Os assuntos dos anúncios que as escolas publicam nos jornais locais diferenciam-se de acordo com a população a que se aspira recrutar: serviços sociais (refeições gratuitas), inovações curriculares (inglês e computação), equipamento didático (sala de usos múltiplos) etc. As escolas procuram assim manter ou aumentar sua matrícula. Para tanto, preocupam-se em construir uma imagem atraente, tentando satisfazer as demandas do consumidor (Bowe, Ball, Gewirtz, 1996). A disputa pela matrícula relaciona-se com as atividades de avaliação da oferta educacional que as famílias desenvolvem e a partir das quais estabelecem suas prioridades assim como estratégias de rejeição (Thisted, 1997). Nessa lógica, as famílias são convocadas como consumidores individuais.

Os serviços acessórios são diferentes: dependem das possibilidades das escolas e dos pais para construí-los.
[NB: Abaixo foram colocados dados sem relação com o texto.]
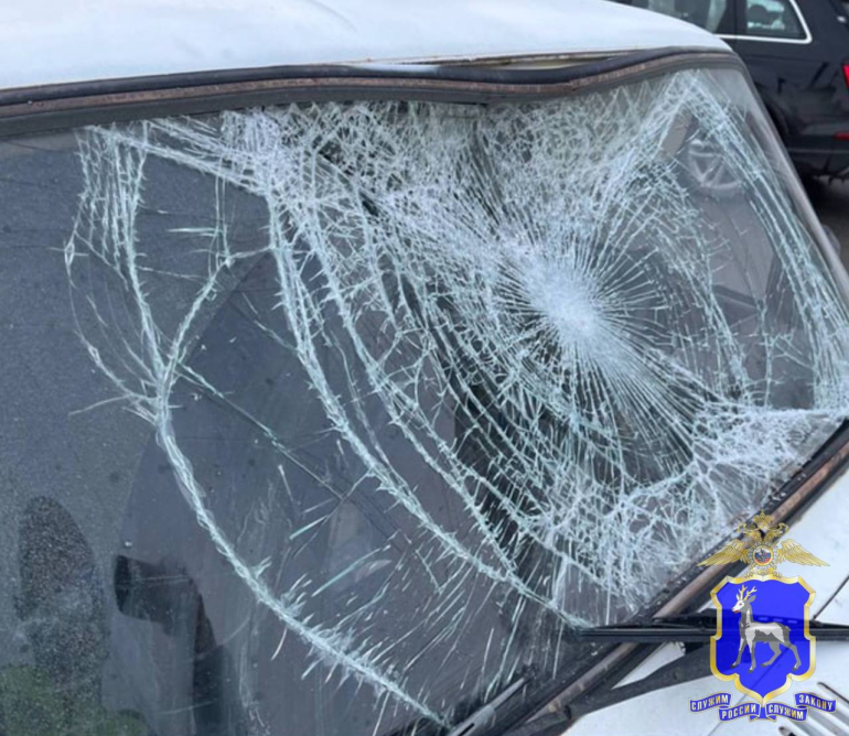 На фото видно, что удар был такой силы, что женщина разбила лобовое стекло автомобиля. Пострадавшую с серьезными травмами увезли на скорой в больницу.

Nesse caso, a capacidade de negociação e geração de estratégias das classes médias se diferencia dos segmentos majoritários e na competição isso fica mais acentuado (Dale, 1995; Ball, 1995).

Há aqui um modelo de consumo implícito que processa não somente a diversidade de públicos, mas suas diferentes necessidades, embora não professe exclusões formais. As não-eqüidades sociais atravessam um espaço formalmente inclusivo a partir da oferta de serviços escolares, levando à construção de um público cada vez mais segmentado. Diferentes pesquisas realizadas na última década, centradas na relação entre família e escola, mostram como atua o capital cultural e social das famílias nessas escolhas ao serem construídas estratégias de distinção e de classificação social (Bowe et al., 1996). No entanto, ainda desconhecemos pesquisas que analisem essas produções entre os docentes.

Nos mecanismos de mercado, os serviços de boa qualidade e o uso eficiente dos recursos são obtidos pela concorrência entre serviços. Os mais competitivos crescem e expandem-se, enquanto os que não satisfazem as expectativas do público minguam ou vão à falência. Dessa perspectiva, a matrícula é concebida como um indicador de uma instituição bem-sucedida.

Quem faz os projetos

As políticas sociais que se desenvolveram no contexto do Estado de Bem-Estar tiveram uma vocação universalista: eram dirigidas à totalidade da população que requeria atendimento. O processo de mudança pelo qual passam tais políticas atualmente põe em questão a lógica na qual se fundamentava esse Estado. Novos dispositivos de intervenção são construídos e com eles novos beneficiários dessa intervenção (Peñalva, 1996). Hoje tende-se a uma estratégia de focalização, identificando grupos com determinadas problemáticas ou áreas específicas para a inovação.

Desse modo, as escolas são mobilizadas por uma agenda de questões e formatos que a gestão estabelece como prioritária e que se viabiliza por meio de programas que financiam projetos das instituições educacionais. Para a seleção de projetos, as gestões estabelecem uma lista de possibilidades para a ação escolar e desestimulam outras leituras ou formatos que propõem uma elaboração diferente de problemas e ações. Essa lista atua como um dispositivo de controle da atividade escolar que transcende a inspeção tradicional dos procedimentos e se instala no imaginário dos atores. Desse modo, esse discurso oficial direciona de um modo particular a construção de problemas da escola e, mais ainda, da população em geral, por exemplo, dos setores pobres que fracassam na escola (Birgin, Dussel, Tiramonti, 1995).

Também se constroem novas regras de destinação de recursos. Em alguns casos, trata-se de recursos para atender a um setor da população com uma problemática específica. Mas, em outros casos, os recursos são disputados porque são fixos e uma equipe ou escola acaba por obtê-los às expensas de outra também necessitada. Trata-se de um processo competitivo que premia um modelo de eficiência cujas metas foram fixadas por outros. Por isso, muitas vezes ocorrem conflitos entre diversos grupos, dada a implícita e geralmente aceita noção de que os recursos não são elásticos (Torres, 1995).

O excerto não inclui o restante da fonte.